The second issue is that when I try to modify the submitted profile, there is no button to modify it. There is just one button that says "View Submitted Application" and it only has "View Form" buttons for different sections of the application. 

The pdf file send in the message says something like

"Based on your profile, you do not methe minmum eligbilty criteria for any of these programs. Reasons you would not be
eligble for Expres Entry include:
• not having a valid language test
• language test results that are more than two years old
• a language test score that is to low
• not having enough relvant work experience
• not having the required education level
• not having enough funds"


Please suggest what to do.


----------



## Auld Yin (Mar 10, 2009)

I suggest that you stay in Australia and make a life there.


----------



## EVHB (Feb 11, 2008)

Can you try it again? Maybe you made a date entry mistake?


----------



## colchar (Oct 25, 2011)

pr2b said:


> Hi
> 
> I have created a profile and I fulfill the basic eligibility according to the online test from CIC, but when I submitted the profile it says Profile Ineligible.
> 
> ...



I would suggest that you do a valid English language test and meet the required score, get some more relevant work experience, upgrade your education, and save move money.


----------



## EVHB (Feb 11, 2008)

What were your results on the language tests? You did the General IELTS, less than 2 years ago?
What NOC code do you claim your work experience in? How much experience do you have in that after graduation?
What was the result of the (WES) credential assessment regarding your education?
How much money do you have on the bank? (in Canadian $)


----------



## pr2b (Jul 24, 2013)

EVHB said:


> What were your results on the language tests? You did the General IELTS, less than 2 years ago?
> What NOC code do you claim your work experience in? How much experience do you have in that after graduation?
> What was the result of the (WES) credential assessment regarding your education?
> How much money do you have on the bank? (in Canadian $)
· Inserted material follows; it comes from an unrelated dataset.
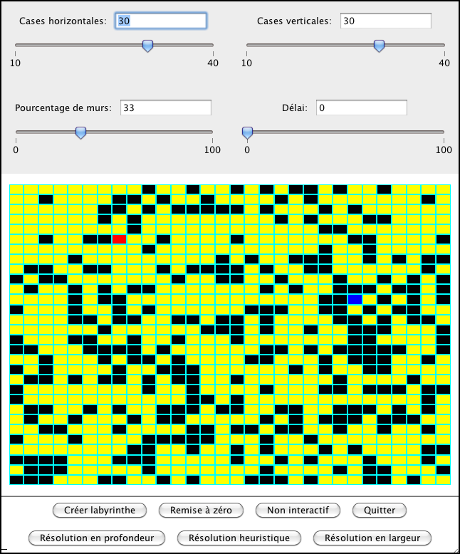 le labyrinthe, sauf si on a cliqué sur le bouton "Non interactif", qui ne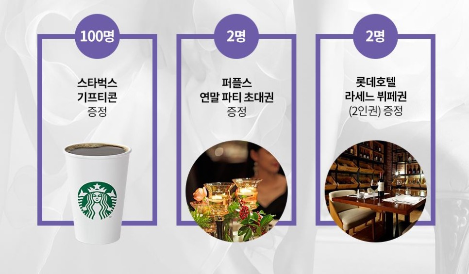 경품에 대해서 설명드리면, 이벤트를 완료하신 분들 중 100명에게는 스타벅스 기프티콘, 2명에게는 오는 12월에 개최되는 청담동결혼정보회사 퍼플스 연말 파티 초대권, 1명에게는 롯데호텔 라세느 뷔페권(2인권)이 증정될 예정입니다. 평소 궁금했던 사항에 대해서 테스트해보고 다양한 경품도 획득하는 행운을 누려보시길 바랍니다.

I have got L8 S8 R7.5 W6.5 in May 14

More than 1 year in 2174

Masters Degree 1.5 years

$18000 canadian equivalent.


----------



## pr2b (Jul 24, 2013)

EVHB said:


> Can you try it again? Maybe you made a date entry mistake?


How to do it again? There is no button to edit or modify the submitted profile. There is just one to view it. The fields are locked and do not allow me to modify.

Should I create a new profile and then submit it ? What happens with the submitted one then?


----------



## mamun_khl (Apr 12, 2013)

hi
Can I apply for EE with ielts score R5.5 L7.5 W6.5 S6.5 overall 6.5 ? Do I meet basic language criteria ? I have more than 8 years of work experience and I am single .


----------



## Kinetic (Aug 11, 2014)

You just need to bump R5.5 to 6 and you're ready to fill your profile and wait in the pool


----------



## cicuser (Sep 15, 2015)

Hi,
my IELTS score is L 6,R 6.5,W 6,S 6.
WES- 1 Yr Master degree
Work Experience-2 yrs in IT
Fund-20,000 CAD

My husband did not take IELTS exam and he has experience of almost 9 yrs in IT.
My profile is being said ineligible.
Can you please guide me why I am getting this error message. I read the instructions in cic website and got to know that for spouse Language test is not mandatery , just added advantage.

Please help me.


----------